Het laatste gedeelte van de presentatie ging over mogelijke acties om het hitte-eiland effect te verminderen. Hiermee kwam hij terug op de effecten, waar groen en water belangrijk waren. Zonder veel extra kosten, zou het mogelijk moeten zijn om het stadseffect duidelijk te verlagen. Ten slotte verwees hij naar de website: http://www.urban-climate.eu/. Hier is het voor nogal wat steden (vooral in Europa, met nogal wat plaatsen in België) het stadseffect te zien. Hier toonde hij ook de stadseffecten van Ukkel en Den Bilt, waarmee hij de goede locaties van deze meteorologische instituten betwijfelde. Mensen wonen in stedelijke gebieden, en daarom is voor het weer geldig. Maar voor het gebruik van de metingen voor klimaat-onderzoek, moet er toch rekening mee gehouden worden.

De storm-chasers
De storm-chasers

Na de pauze (waarbij we heel wat meer ruimte hadden in de cafetaria dan vroeger), kwam het team van Dzengiz Tafa aan het woord. In een presentatie getiteld “stormchasing in de Lage Landen”, waarbij ze regelmatig wisselden van spreker, begonnen ze met voorbeelden uit het verleden die aantoonden dat de lage landen (uitgebreid met Frankrijk…) zeker ook kansen bieden aan stormchasers. Hierbij worden ze geholpen door de “Spaanse pluimen”. Deze zorgen voor warme lucht die dankzij warme bovenluchten stabiel getransporteerd geraken tot in onze buurt, waarbij ze onstabiel kunnen worden.
Het verhaal ging vooral over een driedaagse stormchase waarbij een hele reeks supercellen de revue deden, aangegeven met heel wat achtergrond-informatie en illustrerende foto’s. Er werd geëindigd met een “sneak peak” van een website die zou kunnen leiden tot samenwerking tussen stormchasers, om zo veiliger en beter te kunnen “jagen”. De website laat toe om veel weer-informatie bij elkaar te krijgen (radar, …), en ook informatie van andere waarnemers. Deze is te vinden onder: http://www.stormplatform.be/.

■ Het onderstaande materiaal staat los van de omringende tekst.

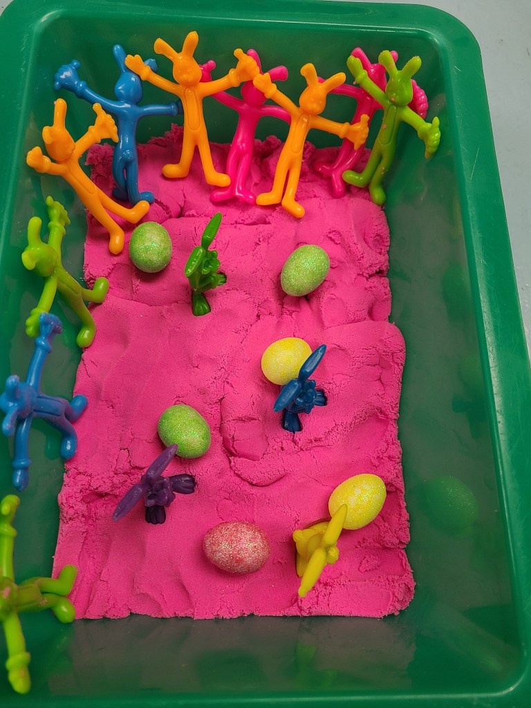Our sensory table was a hit, filled straw and little bunnies and eggs. It was a sensory delight for the children, sparking their curiosity and imagination.
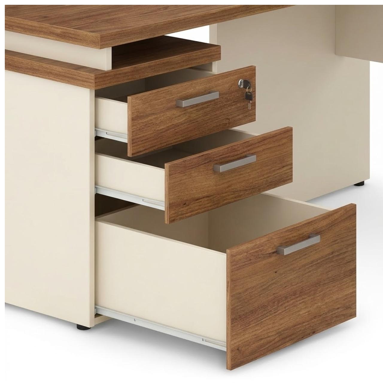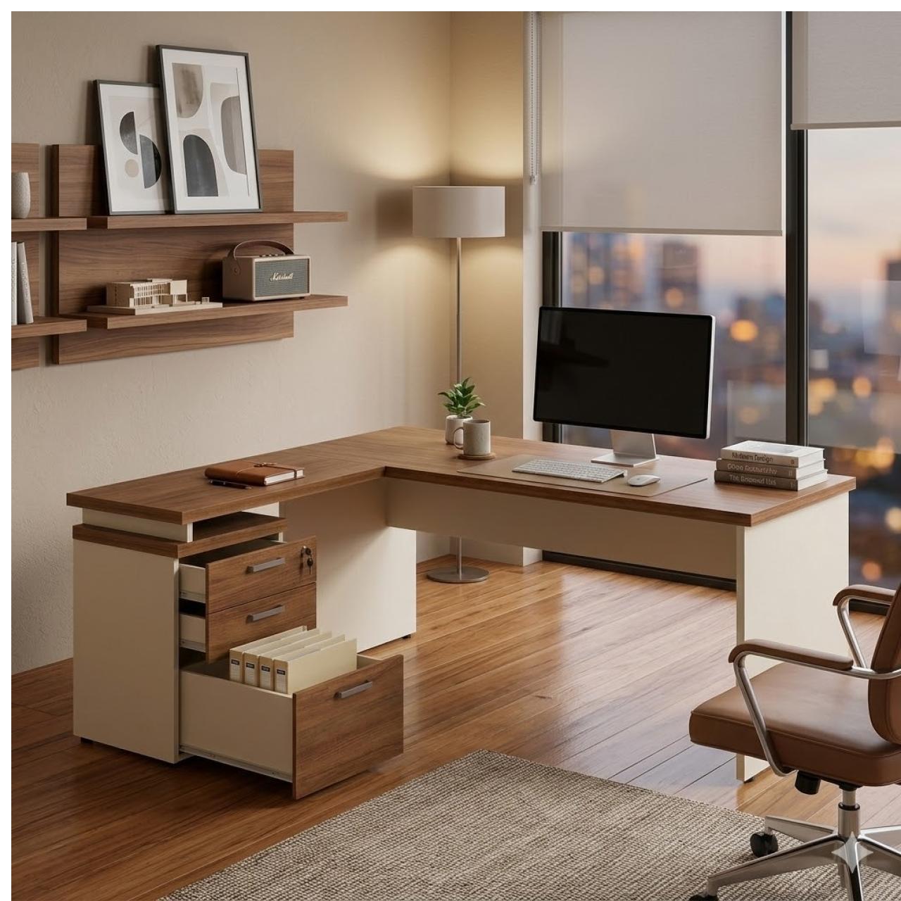Seu formato ergonômico em “L” proporciona uma transição suave entre a área de computador e a área de atendimento ou escrita, mantendo tudo ao alcance das mãos. O gaveteiro integrado de 3 gavetas com fechadura garante a segurança de documentos e itens pessoais, mantendo o tampo sempre livre e organizado.

Peter Vancoillie - met zijn foto-overzicht
Peter Vancoillie

En ten slotte was het tijd om ons nog meer in het donker te zetten, om te genieten van de foto’s van Peter Vancoillie. Het jaar tussen de foto’s van vorige keer (april 2014) en eindigde met een foto van een dag oud, met ook enkele foto’s van de zonsverduistering van 20/3. Even dachten we “oei, dat was snel voorbij”, maar dat was omdat juni 2014 overgeslagen was. Hij hield het beste voor het laatst. Misschien was het jaar niet het beste, wat aantal stormen betrof, maar juni maakte blijkbaar toch één en ander goed.

We wensen nog een woordje van dank aan An Van de Eecken van de volkssterrenwacht Armand Pien te richten voor (weeral) de gastvrijheid.